— Data excerpts —
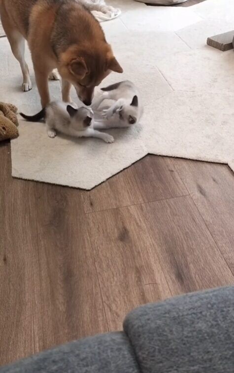ただ、子猫たちが小さくてか弱い存在だとは理解してくれていたよう。距離を保ちながら、穏やかに様子を見守る日々が続きました。
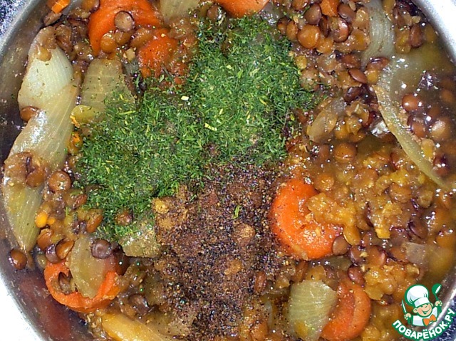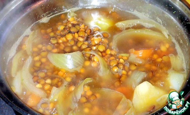 В бульоне, который остался после индейки я сварила лук, морковь и чечевицу.
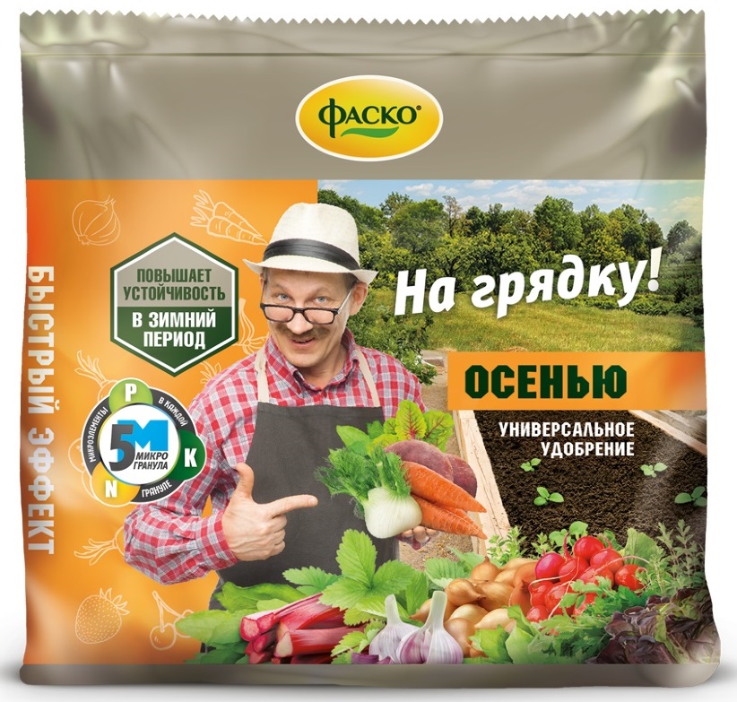Универсальное удобрение «На одну грядку» Осень (Фаско) предназначено для выращивания таких культур как земляника, озимый чеснок, лук-севок, редис, морковь, пастернак, свекла, зеленные, ревень, щавель, фенхель, а также пряные травы. Используется в качестве основного удобрения и раскислителя почвы, в период с августа по октябрь, а также для подкормок с целью повышения зимостойкости, улучшения корневой системы, роста и развития растений.
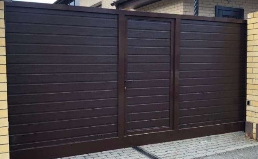Для дополнительного комфорта откатные ворота для дачи и промышленных объектов можно дополнить отдельно стоящей калиткой, которая обеспечит удобный проход на территорию.
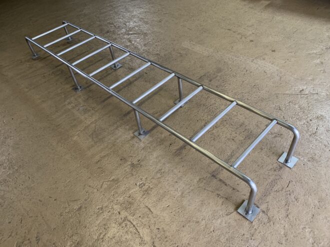 フレーム2本に対してグリップバーは左右対称に300mmピッチで合計10本取り付けます。
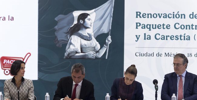 Ciudad de México.– La Presidenta de México, Claudia Sheinbaum Pardo, encabezó este lunes la firma de la renovación del Paquete Contra la Inflación y la Carestía (Pacic), acuerdo mediante el cual se mantendrá en 910 pesos el precio de los 24 productos que integran la canasta básica durante los próximos seis meses, en coordinación con 20 empresas productoras y 12 cadenas de autoservicio del país.
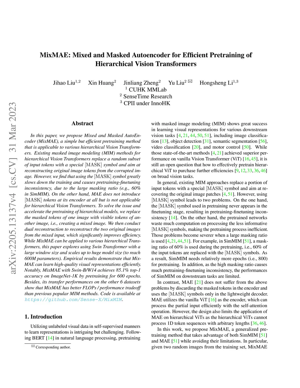 In this paper, we propose Mixed and Masked AutoEncoder (MixMAE), a simple but efficient pretraining method that is applicable to various hierarchical Vision Transformers. Existing masked image modeling (MIM) methods for hierarchical Vision Transformers replace a random subset of input tokens with a special [MASK] symbol and aim at reconstructing original image tokens from the corrupted image. However, we find that using the [MASK] symbol greatly slows down the training and causes pretraining-finetuning inconsistency, due to the large masking ratio (e.g., 60% in SimMIM). On the other hand, MAE does not introduce [MASK] tokens at its encoder at all but is not applicable for hierarchical Vision Transformers. To solve the issue and accelerate the pretraining of hierarchical models, we replace the masked tokens of one image with visible tokens of another image, i.e., creating a mixed image. We then conduct dual reconstruction to reconstruct the two original images from the mixed input, which significantly improves efficiency. While MixMAE can be applied to various hierarchical Transformers, this paper explores using Swin Transformer with a large window size and scales up to huge model size (to reach 600M parameters). Empirical results demonstrate that MixMAE can learn high-quality visual representations efficiently. Notably, MixMAE with Swin-B/W14 achieves 85.1% top-1 accuracy on ImageNet-1K by pretraining for 600 epochs. Besides, its transfer performances on the other 6 datasets show that MixMAE has better FLOPs / performance tradeoff than previous popular MIM methods. Code is available at https://github.com/Sense-X/MixMIM.
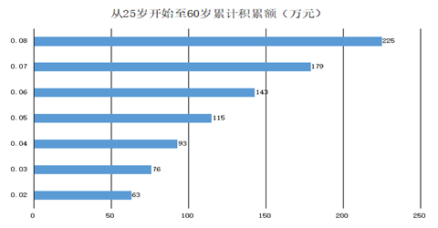 假设25岁的小王计划每年末固定为养老储备12000元,直至60岁退休,不同的年收益率水平下,最终累计积累额如下:
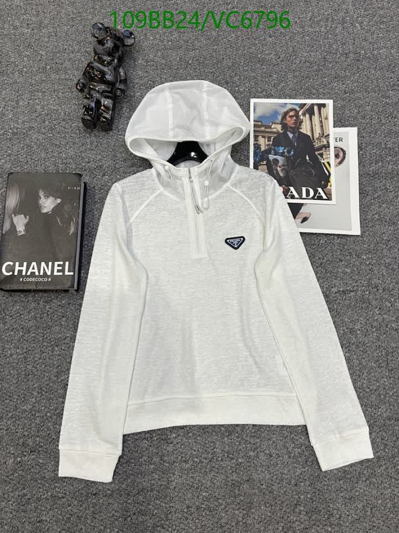 Tags: Cotton Nylon Blend Hoodie, Luxury Casual Wear, Prada Hooded Sweatshirt, Womens Half Zip Hoodie
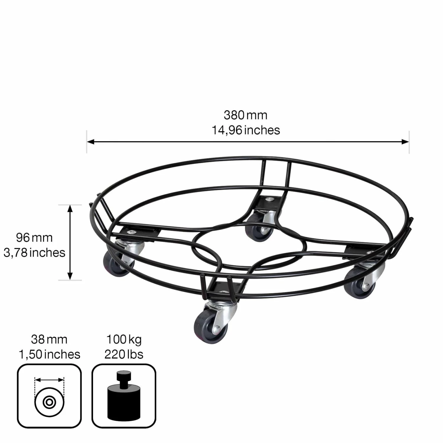 Multi Roller GH 0934, Tragkraft 100 Kg, Schwarz, Ca. 10 X 38 X 38 Cm
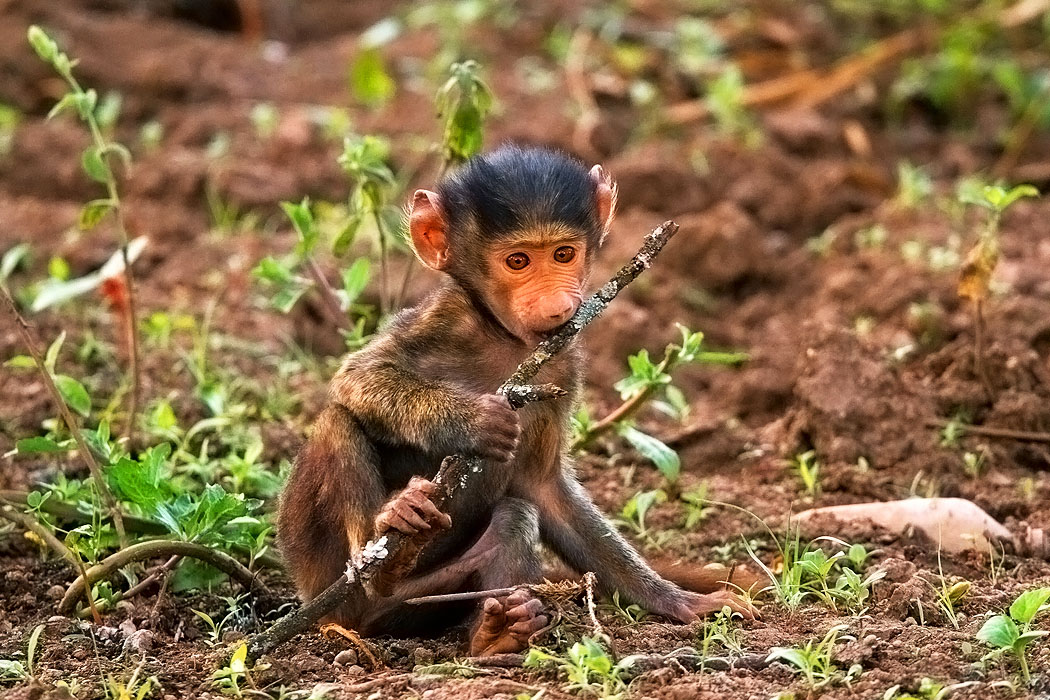 Taken at Lake Nakuru, Kenya, Africa, this alert and precocious baby baboon is estimated to be only a couple weeks old. Its day was spent running around expending a lot of energy, learning about its new world.
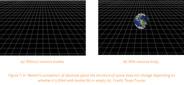 Newton dominated the understanding of space from the 17th century on, until it was pushed aside by Einstein’s general relativity theory at the beginning of the 20th century. Nonetheless, Newton’s mechanics has remained to be of major importance and is referred to in debates still today.[4]
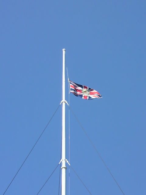 英国大使館では、旗竿の半分までと長辺分までと2つの方法で下げていました。
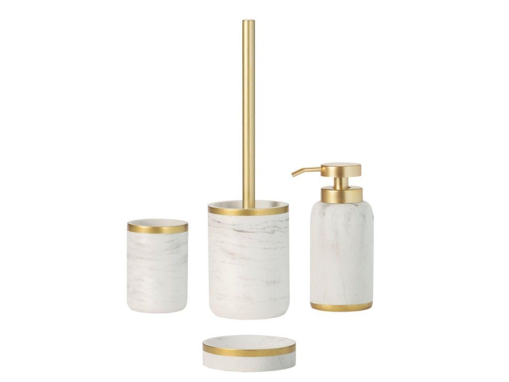 Bílý stojan na zubní kartáčky mramorový efekt se zlatou lištou

— Task —
Which lines run from the one containing "英国大使館では、旗竿の半分までと長辺分までと2つの方法で下げていました。" through the last line of the entries above? Output them exactly, both ends included, with no pictures.

— Problem solution —
 英国大使館では、旗竿の半分までと長辺分までと2つの方法で下げていました。
 Bílý stojan na zubní kartáčky mramorový efekt se zlatou lištou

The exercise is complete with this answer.